## Data to examine
- - - -

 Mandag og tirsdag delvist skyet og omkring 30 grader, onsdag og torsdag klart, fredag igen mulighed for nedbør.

- - - -

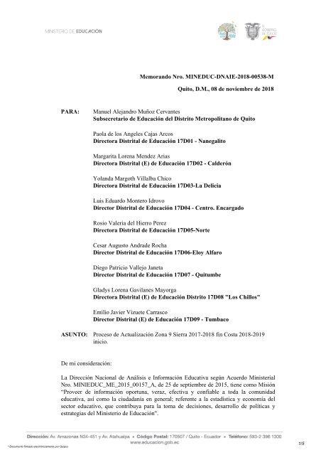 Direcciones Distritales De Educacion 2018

- - - -

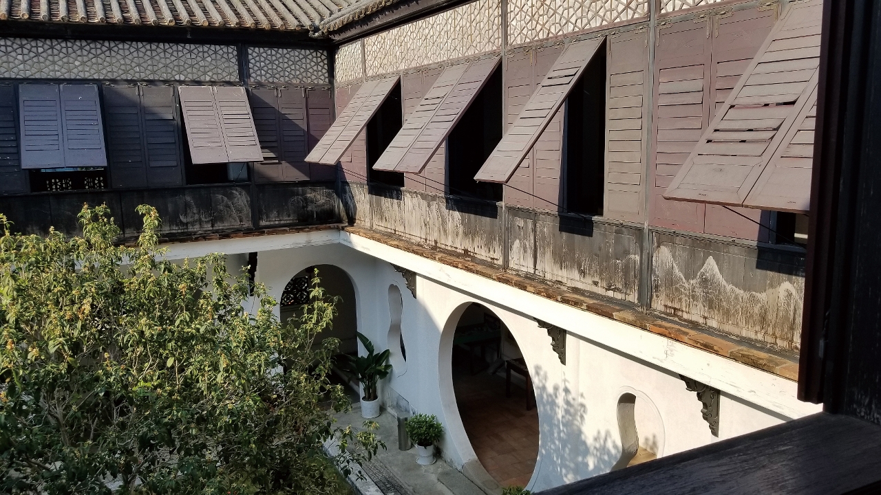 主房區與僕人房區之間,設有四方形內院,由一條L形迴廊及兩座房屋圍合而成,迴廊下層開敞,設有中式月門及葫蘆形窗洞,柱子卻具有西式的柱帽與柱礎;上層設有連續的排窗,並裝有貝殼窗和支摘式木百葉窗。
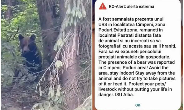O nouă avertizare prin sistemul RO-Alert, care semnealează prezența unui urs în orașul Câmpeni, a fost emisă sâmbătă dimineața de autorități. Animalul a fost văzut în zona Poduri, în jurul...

- - - -

## The task
Look above for the line containing "主房區與僕人房區之間,設有四" and the line containing "O nouă avertizare", then reproduce both and everything between them exactly, pictures omitted.

## Output for this task
 主房區與僕人房區之間,設有四方形內院,由一條L形迴廊及兩座房屋圍合而成,迴廊下層開敞,設有中式月門及葫蘆形窗洞,柱子卻具有西式的柱帽與柱礎;上層設有連續的排窗,並裝有貝殼窗和支摘式木百葉窗。
O nouă avertizare prin sistemul RO-Alert, care semnealează prezența unui urs în orașul Câmpeni, a fost emisă sâmbătă dimineața de autorități. Animalul a fost văzut în zona Poduri, în jurul...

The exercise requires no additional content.